Rising CO₂ Is Making Food Less Nutritious, Study Finds
Rising levels of atmospheric carbon dioxide are altering the nutritional makeup of food, according to new research that adds a subtle but far-reaching dimension to the climate challenge. The study finds that higher CO₂ concentrations stimulate plant growth in ways that increase carbohydrate content—making foods more calorific—while simultaneously reducing levels of essential nutrients such as protein, iron, zinc, and certain vitamins.
Researchers examined staple crops including wheat, rice, and legumes, which form the dietary foundation for billions of people worldwide. While plants exposed to elevated CO₂ often grow faster and larger, the dilution effect reduces their nutritional density.

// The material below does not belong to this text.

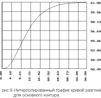 2.2 Координаты и график кривой разгона для внутреннего канала

In practical terms, this means people may need to consume more food to obtain the same nutritional value, a shift that carries implications for global health, especially in regions already vulnerable to malnutrition.
The findings suggest that climate change is not only a question of yields and extreme weather, but also of food quality. As carbon dioxide levels continue to rise, the nutritional degradation of crops could place additional strain on healthcare systems, exacerbate inequality, and complicate efforts to ensure long-term food security.
The study underscores the need for a broader view of climate risk—one that accounts not just for environmental and economic impacts, but also for the less visible changes affecting human health and resilience over time.